*WHAT YOU NEED TO DO*
Please find the lines in the following records that hold "tegen", and copy them.

*RECORDS FOR THE EXERCISE*

--*--

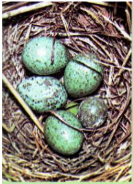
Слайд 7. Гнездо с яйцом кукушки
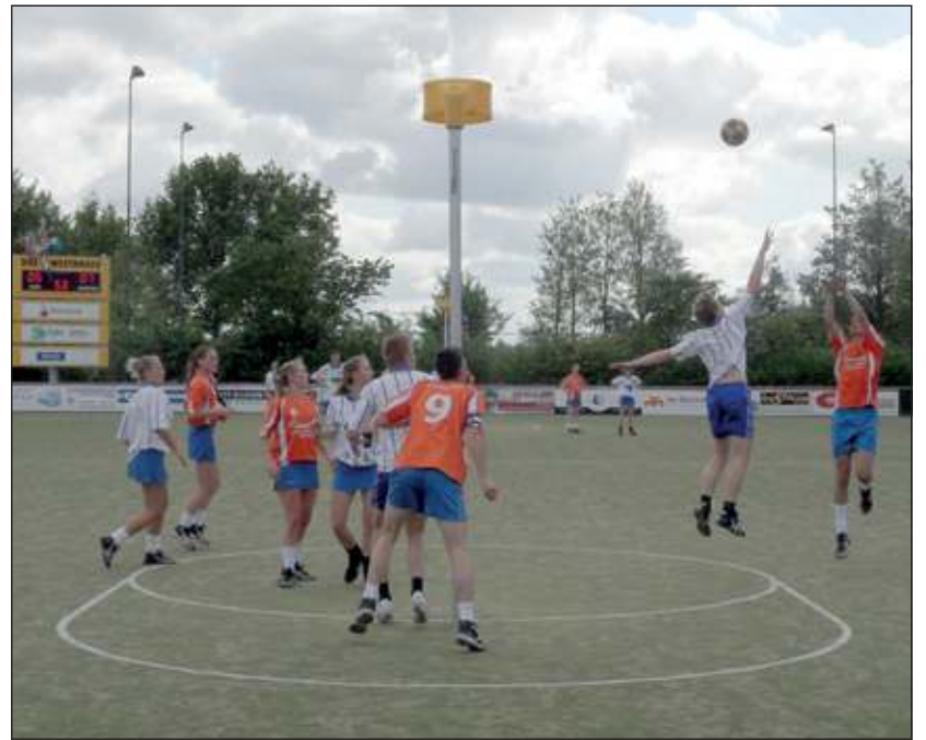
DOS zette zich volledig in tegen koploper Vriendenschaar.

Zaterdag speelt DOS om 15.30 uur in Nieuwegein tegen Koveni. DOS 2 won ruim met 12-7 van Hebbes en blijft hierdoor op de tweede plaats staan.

--*--

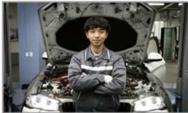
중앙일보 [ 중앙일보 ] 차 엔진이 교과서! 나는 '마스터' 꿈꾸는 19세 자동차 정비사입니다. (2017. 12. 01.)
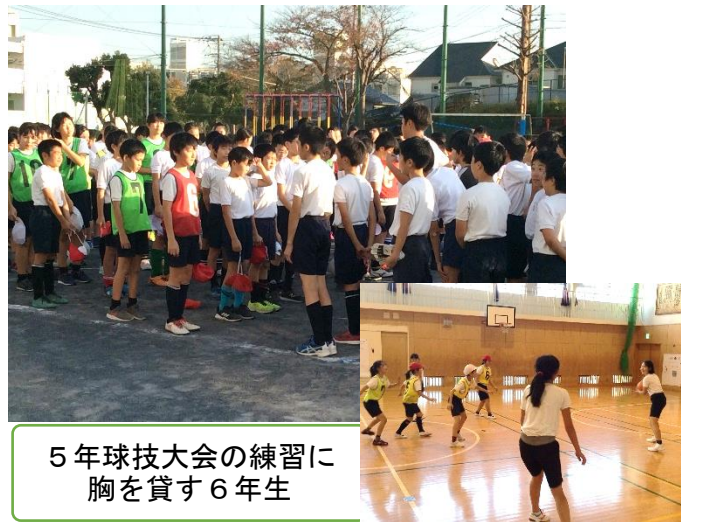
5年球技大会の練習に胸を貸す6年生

--*--

*OUTPUT FOR THIS TASK*
DOS zette zich volledig in tegen koploper Vriendenschaar.
Zaterdag speelt DOS om 15.30 uur in Nieuwegein tegen Koveni. DOS 2 won ruim met 12-7 van Hebbes en blijft hierdoor op de tweede plaats staan.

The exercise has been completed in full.